For second-order logic, it is not possible. One way to see this is that there is a finite axiomatization $P_2$ of Peano arithmetic in second-order logic, which is complete in the sense that for any sentence $\phi$ in this language, either $P_2 \vDash_2\, \phi$ or $P_2 \vDash_2 \lnot \phi$, where $\vDash_2$ indicates second-order logical consequence. In fact we have $P_2 \vDash_2 \,\phi$ if and only if $\phi$ is true in the standard model $\mathbb{N}$. If you could enumerate the set of $\phi$ such that $P_2 \vDash_2 \,\phi$ then this enumeration could be used to construct an enumeration of the set $T$ of all sentences of first-order Peano arithmetic which are true in $\mathbb{N}$. But $T$ is not r.e.; $T$ is not even arithmetically definable. So second-order logical consequence is not even arithmetically definable.

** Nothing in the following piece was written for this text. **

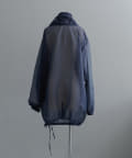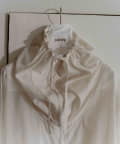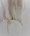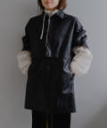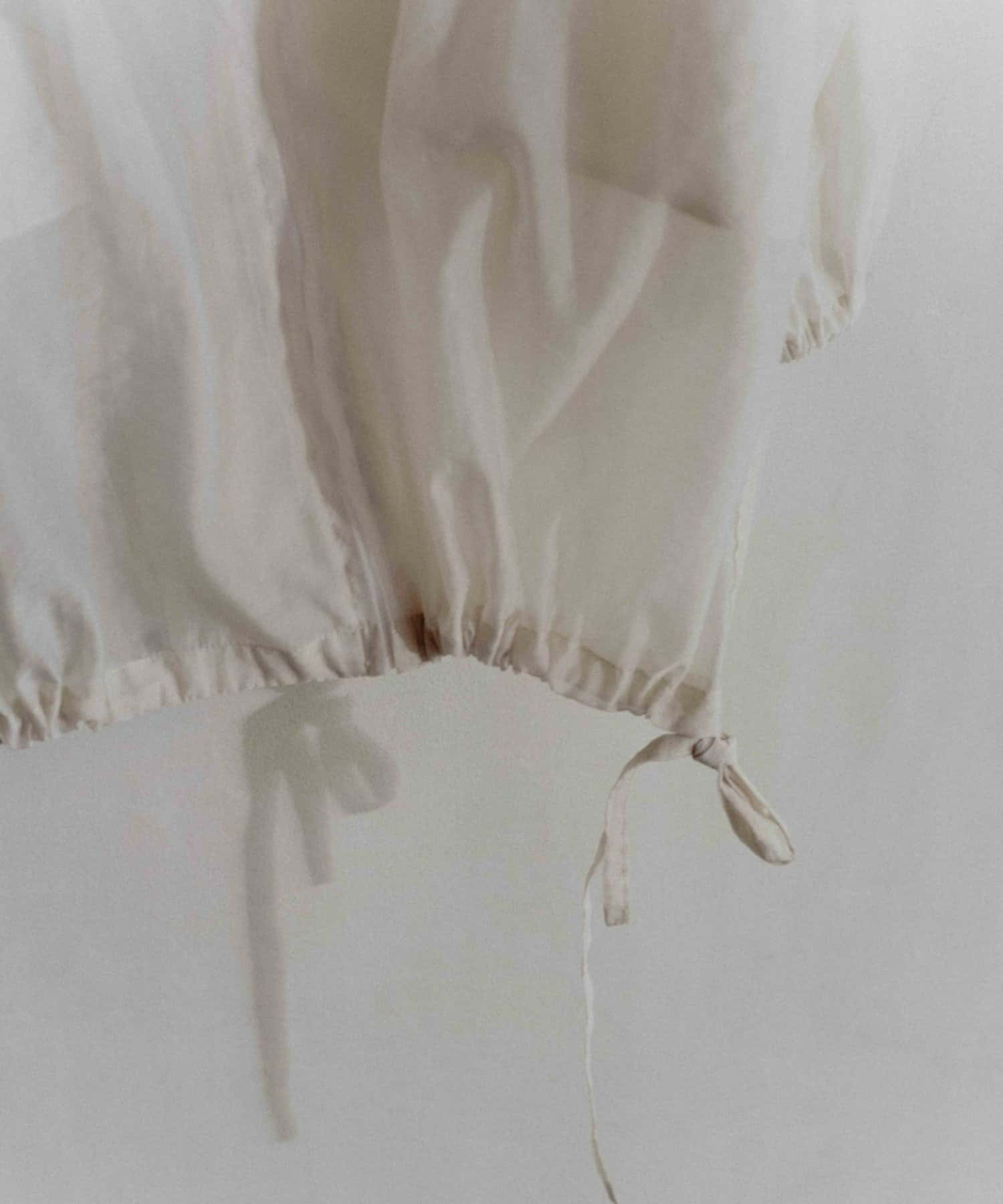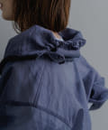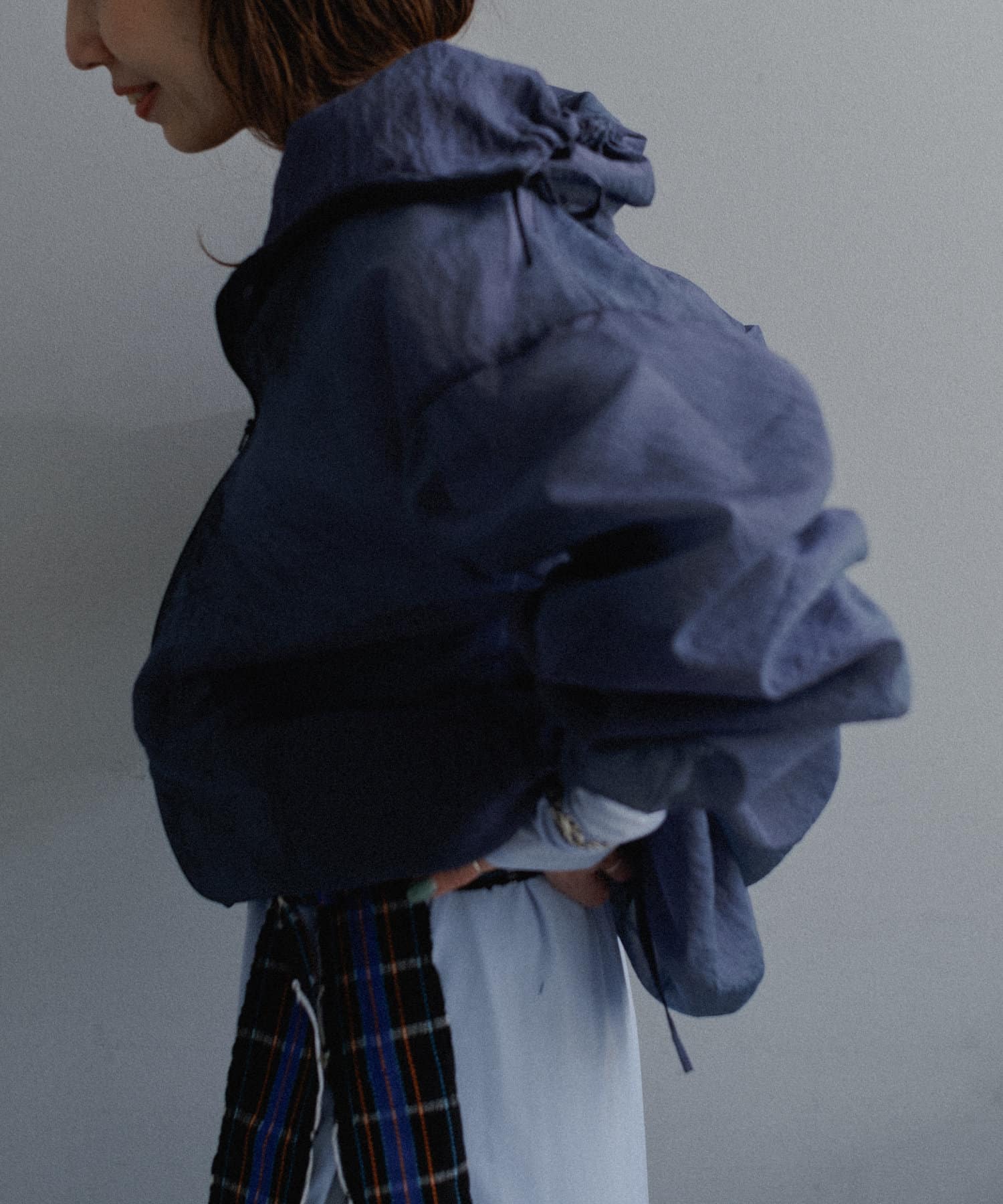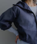ファスナーを首元までしっかりと閉める際は、襟ぐりに通した紐で襟口を絞ってギャザーを寄せると顔周りにボリューム感がでて、一層可愛く着ていただけます。胸元まで開けると大きな開襟シャツのように様変わり。袖口にはゴムが入っており、夏場は肘まで持ち上げて涼しく着用いただけます。

In reality, second-order logical validity encompasses far more than just the first-order theory of $\mathbb{N}$. It also includes, for example, either the continuum hypothesis or its negation: there is a sentence $\psi$ of second-order logic such that if CH holds then $\psi$ is a second-order validity and if CH fails then $\lnot \psi$ is a second-order validity. Other set-theoretic statements can also be captured by second-order sentences in this way.